- _What you have to do_: Please output exactly the lines of the material from the first through the line containing "I. Die Entstehung", and nothing more.

- _Data for review_:
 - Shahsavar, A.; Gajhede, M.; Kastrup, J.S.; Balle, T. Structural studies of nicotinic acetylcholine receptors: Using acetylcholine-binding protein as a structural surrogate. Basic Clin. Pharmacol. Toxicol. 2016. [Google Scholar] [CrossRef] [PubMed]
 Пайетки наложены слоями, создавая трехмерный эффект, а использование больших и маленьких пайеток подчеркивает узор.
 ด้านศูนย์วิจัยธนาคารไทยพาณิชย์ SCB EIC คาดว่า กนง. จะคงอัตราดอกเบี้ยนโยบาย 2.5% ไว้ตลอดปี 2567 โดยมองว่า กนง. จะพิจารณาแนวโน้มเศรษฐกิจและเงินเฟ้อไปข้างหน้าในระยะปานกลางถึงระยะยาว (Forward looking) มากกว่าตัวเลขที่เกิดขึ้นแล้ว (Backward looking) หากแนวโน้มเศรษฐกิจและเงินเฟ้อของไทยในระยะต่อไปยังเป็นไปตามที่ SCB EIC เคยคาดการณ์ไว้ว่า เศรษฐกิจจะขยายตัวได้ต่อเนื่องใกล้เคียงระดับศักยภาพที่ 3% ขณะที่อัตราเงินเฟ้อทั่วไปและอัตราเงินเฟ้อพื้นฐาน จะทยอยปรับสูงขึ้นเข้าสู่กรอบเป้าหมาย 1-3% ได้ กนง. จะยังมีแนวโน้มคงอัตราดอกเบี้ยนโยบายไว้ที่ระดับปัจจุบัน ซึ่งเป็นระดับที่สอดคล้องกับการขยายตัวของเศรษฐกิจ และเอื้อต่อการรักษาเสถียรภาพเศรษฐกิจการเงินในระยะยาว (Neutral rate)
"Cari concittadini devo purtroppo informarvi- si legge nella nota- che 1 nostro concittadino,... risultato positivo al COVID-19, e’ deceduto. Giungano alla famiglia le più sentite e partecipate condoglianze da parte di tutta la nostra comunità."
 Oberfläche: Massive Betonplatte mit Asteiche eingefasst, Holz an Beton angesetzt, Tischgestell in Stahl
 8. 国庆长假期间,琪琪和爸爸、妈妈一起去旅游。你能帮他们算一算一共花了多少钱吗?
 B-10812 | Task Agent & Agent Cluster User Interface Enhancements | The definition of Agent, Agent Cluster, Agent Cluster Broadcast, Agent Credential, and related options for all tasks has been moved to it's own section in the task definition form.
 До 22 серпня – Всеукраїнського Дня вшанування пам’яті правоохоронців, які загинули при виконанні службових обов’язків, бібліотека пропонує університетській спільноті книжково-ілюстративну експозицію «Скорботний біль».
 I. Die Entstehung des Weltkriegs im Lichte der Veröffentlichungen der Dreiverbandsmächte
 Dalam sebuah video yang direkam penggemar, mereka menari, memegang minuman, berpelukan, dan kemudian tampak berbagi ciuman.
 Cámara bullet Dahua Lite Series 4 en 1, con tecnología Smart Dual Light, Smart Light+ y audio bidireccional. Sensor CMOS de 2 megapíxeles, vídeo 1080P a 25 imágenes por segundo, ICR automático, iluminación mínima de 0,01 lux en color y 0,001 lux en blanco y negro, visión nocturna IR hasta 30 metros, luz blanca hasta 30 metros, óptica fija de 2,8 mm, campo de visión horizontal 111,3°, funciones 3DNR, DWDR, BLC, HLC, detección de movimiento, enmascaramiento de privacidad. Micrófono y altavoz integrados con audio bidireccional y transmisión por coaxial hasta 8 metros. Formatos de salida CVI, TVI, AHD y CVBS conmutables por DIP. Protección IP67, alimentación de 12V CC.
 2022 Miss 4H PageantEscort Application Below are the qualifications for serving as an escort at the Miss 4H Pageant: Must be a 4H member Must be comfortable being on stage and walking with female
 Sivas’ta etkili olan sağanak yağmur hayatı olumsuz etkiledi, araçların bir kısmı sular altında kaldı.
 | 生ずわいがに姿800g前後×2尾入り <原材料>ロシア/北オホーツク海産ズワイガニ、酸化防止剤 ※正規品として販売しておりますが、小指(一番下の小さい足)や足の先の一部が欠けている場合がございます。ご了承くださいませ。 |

- _Solution to this problem_:
 - Shahsavar, A.; Gajhede, M.; Kastrup, J.S.; Balle, T. Structural studies of nicotinic acetylcholine receptors: Using acetylcholine-binding protein as a structural surrogate. Basic Clin. Pharmacol. Toxicol. 2016. [Google Scholar] [CrossRef] [PubMed]
 Пайетки наложены слоями, создавая трехмерный эффект, а использование больших и маленьких пайеток подчеркивает узор.
 ด้านศูนย์วิจัยธนาคารไทยพาณิชย์ SCB EIC คาดว่า กนง. จะคงอัตราดอกเบี้ยนโยบาย 2.5% ไว้ตลอดปี 2567 โดยมองว่า กนง. จะพิจารณาแนวโน้มเศรษฐกิจและเงินเฟ้อไปข้างหน้าในระยะปานกลางถึงระยะยาว (Forward looking) มากกว่าตัวเลขที่เกิดขึ้นแล้ว (Backward looking) หากแนวโน้มเศรษฐกิจและเงินเฟ้อของไทยในระยะต่อไปยังเป็นไปตามที่ SCB EIC เคยคาดการณ์ไว้ว่า เศรษฐกิจจะขยายตัวได้ต่อเนื่องใกล้เคียงระดับศักยภาพที่ 3% ขณะที่อัตราเงินเฟ้อทั่วไปและอัตราเงินเฟ้อพื้นฐาน จะทยอยปรับสูงขึ้นเข้าสู่กรอบเป้าหมาย 1-3% ได้ กนง. จะยังมีแนวโน้มคงอัตราดอกเบี้ยนโยบายไว้ที่ระดับปัจจุบัน ซึ่งเป็นระดับที่สอดคล้องกับการขยายตัวของเศรษฐกิจ และเอื้อต่อการรักษาเสถียรภาพเศรษฐกิจการเงินในระยะยาว (Neutral rate)
"Cari concittadini devo purtroppo informarvi- si legge nella nota- che 1 nostro concittadino,... risultato positivo al COVID-19, e’ deceduto. Giungano alla famiglia le più sentite e partecipate condoglianze da parte di tutta la nostra comunità."
 Oberfläche: Massive Betonplatte mit Asteiche eingefasst, Holz an Beton angesetzt, Tischgestell in Stahl
 8. 国庆长假期间,琪琪和爸爸、妈妈一起去旅游。你能帮他们算一算一共花了多少钱吗?
 B-10812 | Task Agent & Agent Cluster User Interface Enhancements | The definition of Agent, Agent Cluster, Agent Cluster Broadcast, Agent Credential, and related options for all tasks has been moved to it's own section in the task definition form.
 До 22 серпня – Всеукраїнського Дня вшанування пам’яті правоохоронців, які загинули при виконанні службових обов’язків, бібліотека пропонує університетській спільноті книжково-ілюстративну експозицію «Скорботний біль».
 I. Die Entstehung des Weltkriegs im Lichte der Veröffentlichungen der Dreiverbandsmächte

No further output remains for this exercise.